- [Data below]
+ + + + + + +

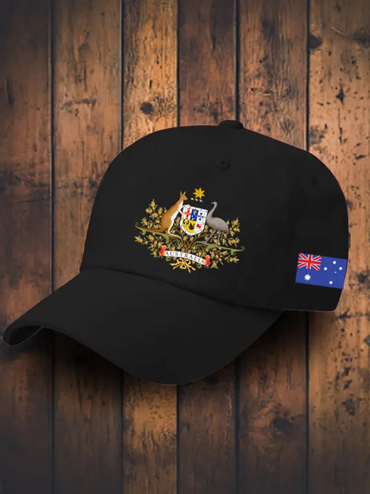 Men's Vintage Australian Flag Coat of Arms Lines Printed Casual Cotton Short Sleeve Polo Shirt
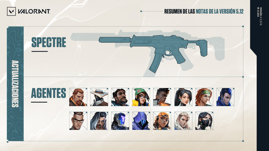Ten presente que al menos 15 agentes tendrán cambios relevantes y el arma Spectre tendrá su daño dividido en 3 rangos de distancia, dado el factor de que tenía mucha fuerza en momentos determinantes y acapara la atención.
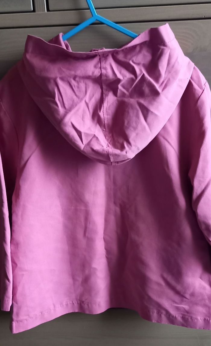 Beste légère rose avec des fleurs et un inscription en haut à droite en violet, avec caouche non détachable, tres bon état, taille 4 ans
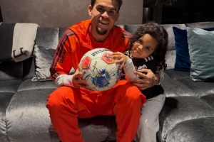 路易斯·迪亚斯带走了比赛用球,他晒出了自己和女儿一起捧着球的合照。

+ + + + + + +

- [The task] Once more, give the listing above exactly, leaving each picture out.

- [Your response]
 Men's Vintage Australian Flag Coat of Arms Lines Printed Casual Cotton Short Sleeve Polo Shirt
Ten presente que al menos 15 agentes tendrán cambios relevantes y el arma Spectre tendrá su daño dividido en 3 rangos de distancia, dado el factor de que tenía mucha fuerza en momentos determinantes y acapara la atención.
 Beste légère rose avec des fleurs et un inscription en haut à droite en violet, avec caouche non détachable, tres bon état, taille 4 ans
 路易斯·迪亚斯带走了比赛用球,他晒出了自己和女儿一起捧着球的合照。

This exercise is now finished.